To get insight into biases due to the sensible heat flux parameterizations used in the models, Figure 10 shows scatterplots of the scaled sensible heat flux (sensible heat flux divided by 10-m wind speed) relative to the near-surface temperature difference. The slope of this relationship is the diagnosed transfer coefficient in the parameterization for the sensible heat flux (see Tjernstroüm et al., 2005). The red dots in Figure 10A show the binned values using surface sensible heat flux and temperature and 10-m wind speed from the 4 MOSAiC sites.
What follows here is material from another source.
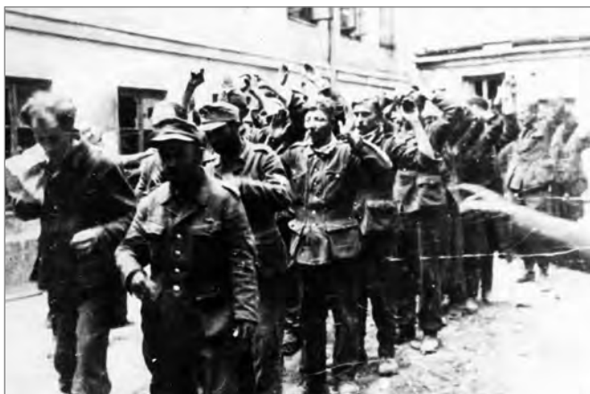
Grupa jeńców niemieckich wziętych do niewoli powstańczej po zdobyciu budynku PAST (ul. Zielna 39) na podwórzu kamienicy przy ul. Zielnej 34 przed odprowadzeniem - zbliżenie od przodu

The first thing to note in Figure 10 is that all models have a tighter spread than the observations, particularly for near neutral stratification. This indicates that the observed scaled sensible heat flux is not strictly a function of the near-surface thermal stratification, potentially due to transitions, that is, when the gradient and the flux do not balance. Observations show a reduction in the scaled heat fluxes for increasing near-surface thermal stratification (ΔT > 1.5oC). Four of the models simulate this variability; CAFS, H-AROME, IFS, and NAVY. Only 2 of the models produce the decline of the scaled sensible heat flux observed for strongly stably stratified near-surface conditions (IFS and NAVY). However, IFS has a bifurcation with a reduction in the scaled sensible heat flux for only a fraction of the occurrences with ΔT > 1oC. The 3 other models have a constant slope for this relationship, with ARPEGE being limited to ΔT < 2oC, while SL-AV and DWD produce a constant slope out to ΔT > 3oC. This is unrealistic because observations indicate diminishing scaled sensible heat flux as thermal stratification continues to increase. It is not clear what is limiting the occurrence of the strongly stable stratification cases in CAFS, ARPEGE, and H-AROME. This may be due to sensible heat fluxes that are too large as is seen in CAFS and ARPEGE but H-AROME has scaled sensible heat fluxes close to the observations for ΔT = 2oC. Another factor may be sea ice concentration less than 99.5% in these models. However, SL-AV and IFS also have sea ice concentrations less than 99.5% and these models simulate occurrences with ΔT > 3oC. This issue will be investigated in a follow-up study.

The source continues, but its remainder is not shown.